[Problem description]: Produce exactly the lines from the one holding "活动现场,垂钓基地化身多元体" through the last line of the data below, with every picture left out.

[Supplied records]:
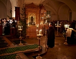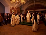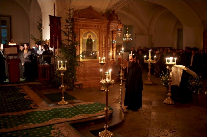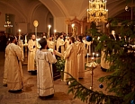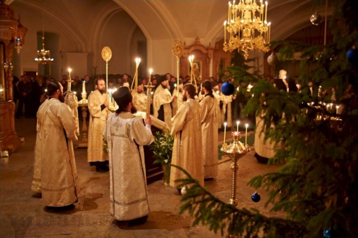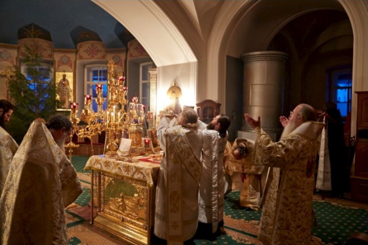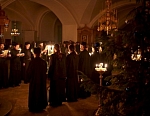 Богослужения совершались сегодня утром во многих скита Валаамской обители. Особо торжественной была служба в Спасо-Преображенском соборе. На богослужении в этот день читалось множество фрагментов Священного Писания, в которых повествуется о Рождестве Христовом, читаются пророчества из Ветхого Завета о пришествии Христа.
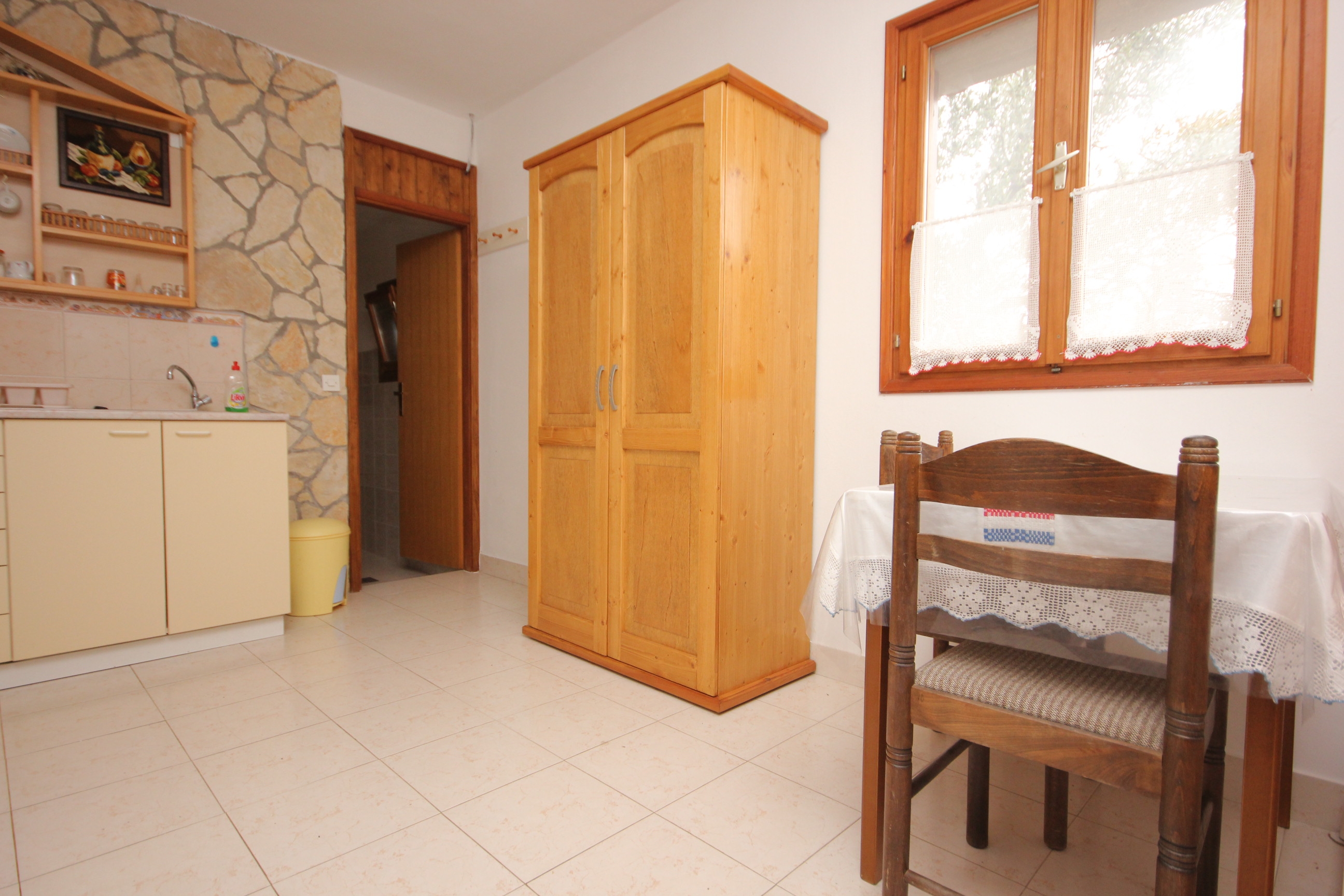 House 8484 in the town of Vitane, Pašman - North Dalmatia is located 30 m from the sea. The nearest beach to this accommodation is a concrete slabs beach. The house is categorized as "Facilities near a beach". You will be the houses only guests during your holiday, as there are no other rooms or apartments. The hosts will not be in the house for the duration of your holiday. This type of accommodation is "Robinson Crusoe style" which means it is situated at a location that is not easily accessible. The infrastructure of these locations is usually very basic, but in return, peace, nature and clean sea are guaranteed. Water must be used rationally andnecessities must be bought prior to arrival since the nearest store is usually far away. Water: From reservoir (rainwater, tank), Not safe to drink. Water - Heating: None, Water tank heated directly by the sun (an outdoor shower). Power Supply: Solar panels (220V). Other: Mobile grocery store, Gas stove. Access: By car, Distance to which you can approach with a vehicle: 500m, Macadam road: 3500m. The house owner is under no obligation to accept additional persons and pets that were not stated in the reservation request and it is necessary to report them in advance.AMENITIES Infield (Well-kept), Courtyard (100m2), Boat mooring (Distance from the house: 30 m, Type of boat berth: shore), Sunshade, Sunchairs LOCATION AND ACCESS The facility is not located near the road There is no road between the property and the beach The property is located by the beach Car access possible: No, Distance to which you can approach with a vehicle: 500 m, Macadam road: 3.5 km The facility is situated in quiet surroundings The property is surrounded by greenery DISTANCES Sea: 30 m Beach: 30 m Center: 7.5 km Shop: 4.5 km Urgent medical care: 37 km Pharmacy: 4.5 km Exchange office: 4.5 km ATMBank machine: 4.5 km Tourist info: 4.5 km Airport: 35 km
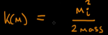 The kinetic energy of the particle is given by the momentum squared divided by 2 times its mass which exactly corresponds to the 1/2MV squres formula. In that formula, M corresponds to the mass and V is the velocity.
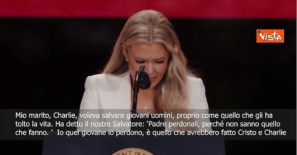 “Quell'uomo, quel giovane, lo perdono. Lo perdono perché è ciò che ha fatto Cristo ed è ciò che farebbe Charlie. La risposta all'odio non è l'odio. La risposta che conosciamo dal Vangelo è l'amore.” Così la vedova di Charlie Kirk, l'attivista Maga ucciso in un campus universitario, nello Utah, durante I funerali del marito.
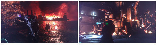El ataque de "Combustible Americano" ha creado una ola de incendios, avanzando un poco nos reunimos con un equipo del ejército que había sido enviado a detener el carguero, están enzarzados en un tiroteo con hombres de los ingenieros y nos informan que hay un líder de estos en la zona, ayudamos al equipo a librarse de los enemigos llegando a una planta repleta de enemigos con un operador Dron, si tenemos el Trirrotor nos será fácil localizarle y noquearle, esta arriba al fondo a la derecha, hay un montón de recovecos nos será fácil pasar desapercibidos.
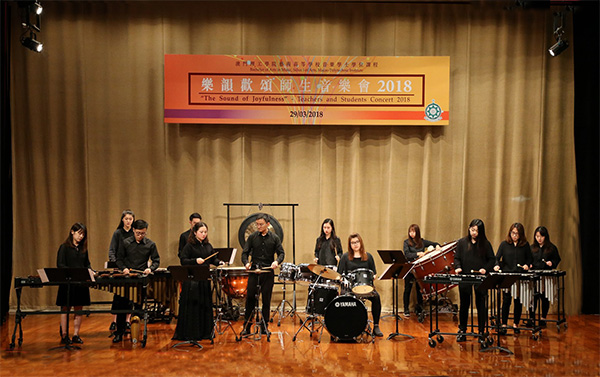 2018年3月29日晚,澳門理工學院藝術高等學校音樂課程2018年度 “樂韻歡頌師生音樂會” 在理工學院禮堂順利舉行。一年一度的師生音樂會是音樂課程的重要藝術實踐活動,為學生展現藝術表演才華提供舞台,並有和表演專業教師同台演出學習的機會。本年度的師生音樂會同時也是 “第三屆澳門理工學院藝術節” 的系列活動之一。
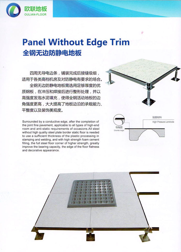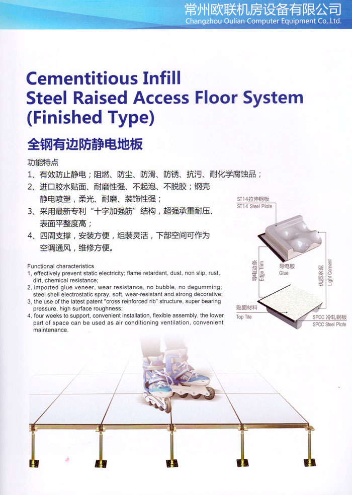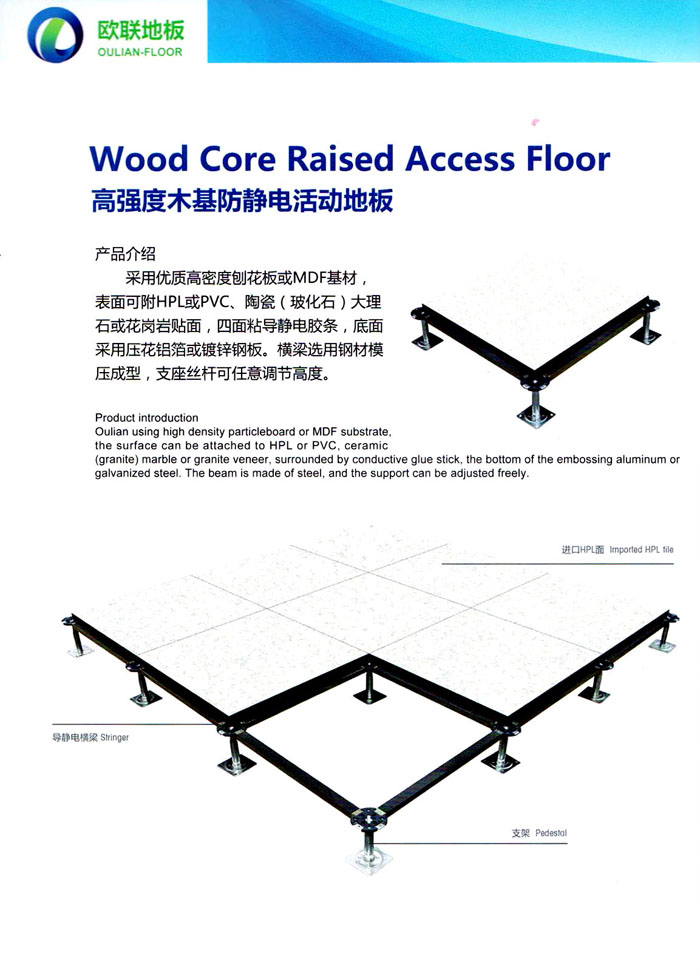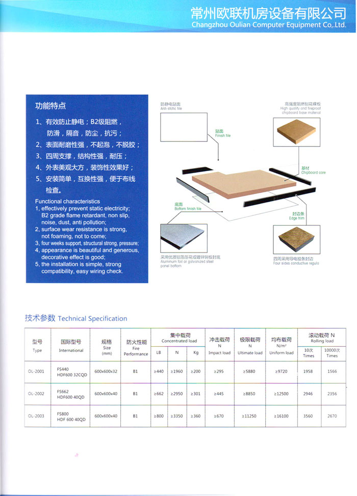 防靜電高架活動地板、全鋼地板、陶瓷地板是計算機行業(yè)發(fā)展起來的新型鋪地材料,隔離了潮氣、靜電灰塵,最重要的是解決了綜合布線問題,無需預(yù)埋管線,可隨時拆卸、搬移,保證了資訊設(shè)備完整的優(yōu)點,適應(yīng)了智能化樓宇中信息自動化技術(shù)對所處環(huán)境的特定要求,避免了廣大客戶的雙重投資,使現(xiàn)代化辦公程度更加高效,辦公場所更加舒適。 “歐聯(lián)”系列全鋼地板,符合國家安全要求,種類完備多樣,其中防靜電陶瓷地板、硫酸鈣地板等除具有普通瓷質(zhì)的裝飾和實用性外,其耐磨、防水、防火功能優(yōu)于其它同類產(chǎn)品,防靜電系列地板,能切合不同客戶的要求,其靈活的配置,深受客戶歡迎,不同材質(zhì)的地板結(jié)構(gòu)使設(shè)計師的設(shè)計空間比傳統(tǒng)的更加廣闊自由和善變。 公司大力發(fā)展國內(nèi)外銷售業(yè)務(wù),多次中標國內(nèi)重點工程 ,例:哈爾濱醫(yī)科大學、山東大學、上海普通機場等。 公司將一如既往開發(fā)和制造一流的產(chǎn)品,愿與廣大有識之士合作發(fā)展,共創(chuàng)美好未來。
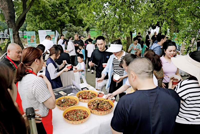 活动现场,垂钓基地化身多元体验空间。在“渔乐竞技场”,垂钓挑战赛吸引近30余名钓手同场竞技,岸边观战区同步开设家庭垂钓体验课,新手钓客在专业指导下成功收获开竿鱼;十八味美食市集携手艾家友园、空港阳光、聚极大龙农庄等辖区11家餐饮商家推出招牌美食齐聚现场免费品尝,游客感慨舌尖与视觉双丰收;水上高尔夫,随着清脆的一击,小白球划过天空,落入远处的水域,激起层层涟漪别有一番乐趣;亲子互动区推出的鱼拓画制作、鱼灯手作等手工坊,更让家庭游客沉浸式感受到不一样的文化体验。“大人小孩工作学习一个星期,也需要放松一下,在这体验钓鱼,既锻炼小朋友耐心专注度,还可以体验制作手工、品尝美食、桑葚采摘等,很适合一家人玩,总体感觉很不错。”社区居民刘女士说。
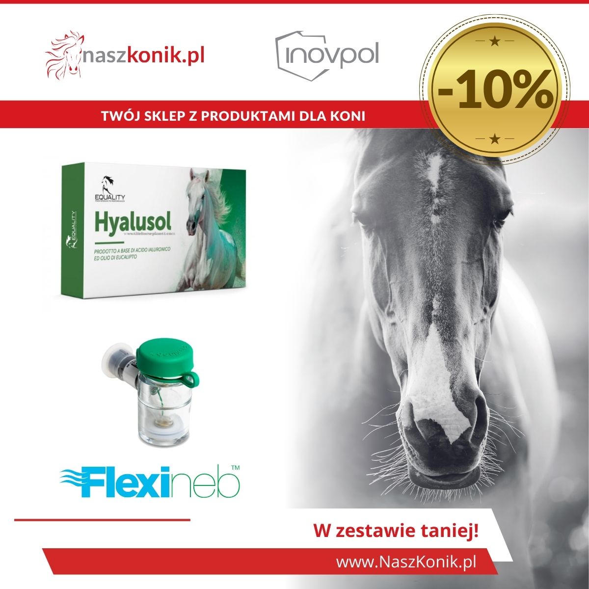 Zestaw kwas hialuronowy dla koni HYALUSOL + pojemnik zielony Flexineb

[Answer to this problem]:
 活动现场,垂钓基地化身多元体验空间。在“渔乐竞技场”,垂钓挑战赛吸引近30余名钓手同场竞技,岸边观战区同步开设家庭垂钓体验课,新手钓客在专业指导下成功收获开竿鱼;十八味美食市集携手艾家友园、空港阳光、聚极大龙农庄等辖区11家餐饮商家推出招牌美食齐聚现场免费品尝,游客感慨舌尖与视觉双丰收;水上高尔夫,随着清脆的一击,小白球划过天空,落入远处的水域,激起层层涟漪别有一番乐趣;亲子互动区推出的鱼拓画制作、鱼灯手作等手工坊,更让家庭游客沉浸式感受到不一样的文化体验。“大人小孩工作学习一个星期,也需要放松一下,在这体验钓鱼,既锻炼小朋友耐心专注度,还可以体验制作手工、品尝美食、桑葚采摘等,很适合一家人玩,总体感觉很不错。”社区居民刘女士说。
 Zestaw kwas hialuronowy dla koni HYALUSOL + pojemnik zielony Flexineb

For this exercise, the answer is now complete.